* _Work instructions_: Print nothing but the lines below starting at the line that holds "I can't remember" and ending at the line that holds "Τα κανάλια Eurosport", including both, each exactly as written.

START Information provided

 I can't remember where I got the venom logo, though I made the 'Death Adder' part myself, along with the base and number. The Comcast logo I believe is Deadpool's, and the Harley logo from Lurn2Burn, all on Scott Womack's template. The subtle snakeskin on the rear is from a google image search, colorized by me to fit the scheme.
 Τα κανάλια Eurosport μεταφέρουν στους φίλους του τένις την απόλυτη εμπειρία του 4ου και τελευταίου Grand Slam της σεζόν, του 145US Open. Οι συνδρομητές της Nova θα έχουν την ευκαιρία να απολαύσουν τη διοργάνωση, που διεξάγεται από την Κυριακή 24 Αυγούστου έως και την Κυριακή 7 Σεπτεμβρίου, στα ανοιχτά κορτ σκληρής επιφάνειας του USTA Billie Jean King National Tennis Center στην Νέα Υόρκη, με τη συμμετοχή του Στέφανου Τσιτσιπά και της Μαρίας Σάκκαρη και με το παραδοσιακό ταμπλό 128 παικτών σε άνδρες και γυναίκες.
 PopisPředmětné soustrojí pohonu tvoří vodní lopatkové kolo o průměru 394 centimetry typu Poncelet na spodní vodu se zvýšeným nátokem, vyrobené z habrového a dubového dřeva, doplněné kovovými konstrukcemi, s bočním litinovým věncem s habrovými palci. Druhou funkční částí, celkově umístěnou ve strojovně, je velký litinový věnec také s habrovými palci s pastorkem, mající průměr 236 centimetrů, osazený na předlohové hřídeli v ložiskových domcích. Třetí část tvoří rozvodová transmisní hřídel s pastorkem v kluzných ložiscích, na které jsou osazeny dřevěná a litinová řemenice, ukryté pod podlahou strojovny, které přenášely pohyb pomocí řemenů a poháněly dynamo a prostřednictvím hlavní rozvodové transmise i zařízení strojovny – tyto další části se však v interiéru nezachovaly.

END Information provided
START Information provided

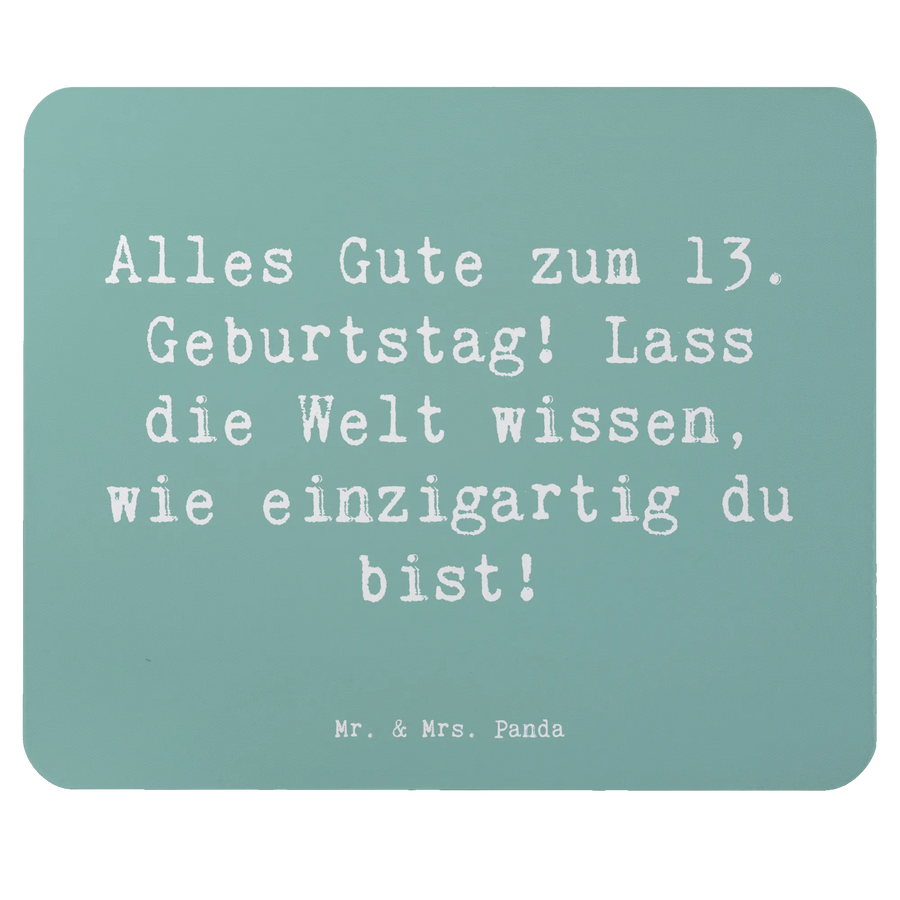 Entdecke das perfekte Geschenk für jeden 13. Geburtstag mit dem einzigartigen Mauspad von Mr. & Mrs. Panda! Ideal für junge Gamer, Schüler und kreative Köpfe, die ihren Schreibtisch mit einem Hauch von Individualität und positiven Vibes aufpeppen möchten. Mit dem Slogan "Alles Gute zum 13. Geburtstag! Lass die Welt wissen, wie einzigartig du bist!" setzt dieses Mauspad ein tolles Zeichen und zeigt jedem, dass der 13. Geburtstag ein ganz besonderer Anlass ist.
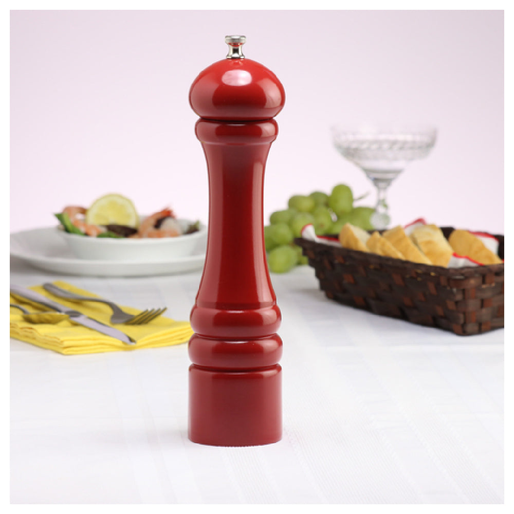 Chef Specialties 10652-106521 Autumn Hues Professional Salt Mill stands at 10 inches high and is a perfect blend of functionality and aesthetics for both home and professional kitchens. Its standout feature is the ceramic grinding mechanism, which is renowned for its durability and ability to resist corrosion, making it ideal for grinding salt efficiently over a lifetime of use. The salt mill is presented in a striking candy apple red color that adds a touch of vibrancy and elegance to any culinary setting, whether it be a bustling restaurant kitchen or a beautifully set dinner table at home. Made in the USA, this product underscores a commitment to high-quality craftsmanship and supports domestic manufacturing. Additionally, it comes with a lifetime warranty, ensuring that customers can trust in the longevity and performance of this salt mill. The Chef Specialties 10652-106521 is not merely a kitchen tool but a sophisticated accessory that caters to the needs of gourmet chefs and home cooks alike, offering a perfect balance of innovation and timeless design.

END Information provided
START Information provided

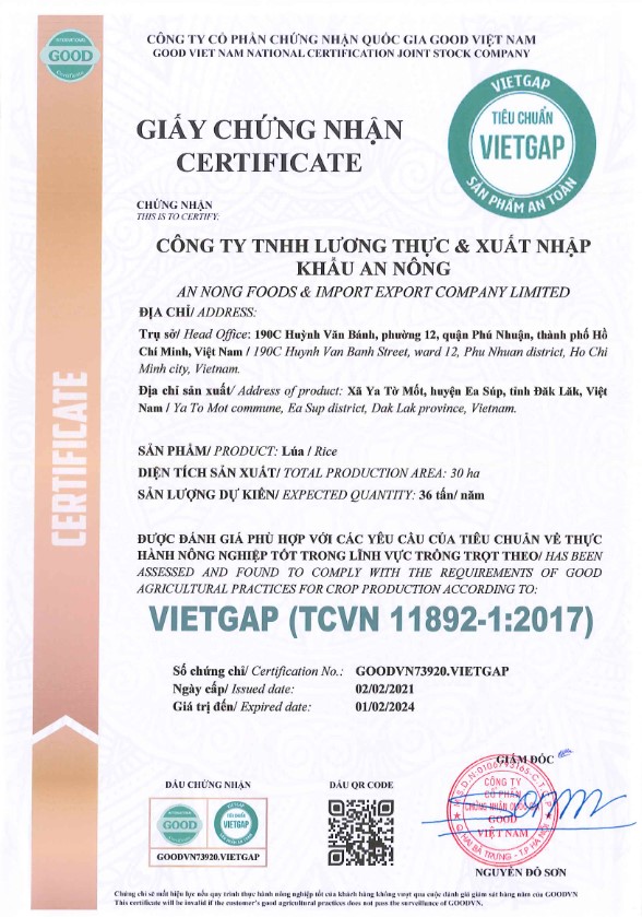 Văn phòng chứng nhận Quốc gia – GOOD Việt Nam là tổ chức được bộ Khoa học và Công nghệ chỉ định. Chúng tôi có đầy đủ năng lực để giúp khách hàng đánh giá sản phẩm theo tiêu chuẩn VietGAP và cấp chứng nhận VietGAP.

END Information provided

* _Answer to this exercise_:
 I can't remember where I got the venom logo, though I made the 'Death Adder' part myself, along with the base and number. The Comcast logo I believe is Deadpool's, and the Harley logo from Lurn2Burn, all on Scott Womack's template. The subtle snakeskin on the rear is from a google image search, colorized by me to fit the scheme.
 Τα κανάλια Eurosport μεταφέρουν στους φίλους του τένις την απόλυτη εμπειρία του 4ου και τελευταίου Grand Slam της σεζόν, του 145US Open. Οι συνδρομητές της Nova θα έχουν την ευκαιρία να απολαύσουν τη διοργάνωση, που διεξάγεται από την Κυριακή 24 Αυγούστου έως και την Κυριακή 7 Σεπτεμβρίου, στα ανοιχτά κορτ σκληρής επιφάνειας του USTA Billie Jean King National Tennis Center στην Νέα Υόρκη, με τη συμμετοχή του Στέφανου Τσιτσιπά και της Μαρίας Σάκκαρη και με το παραδοσιακό ταμπλό 128 παικτών σε άνδρες και γυναίκες.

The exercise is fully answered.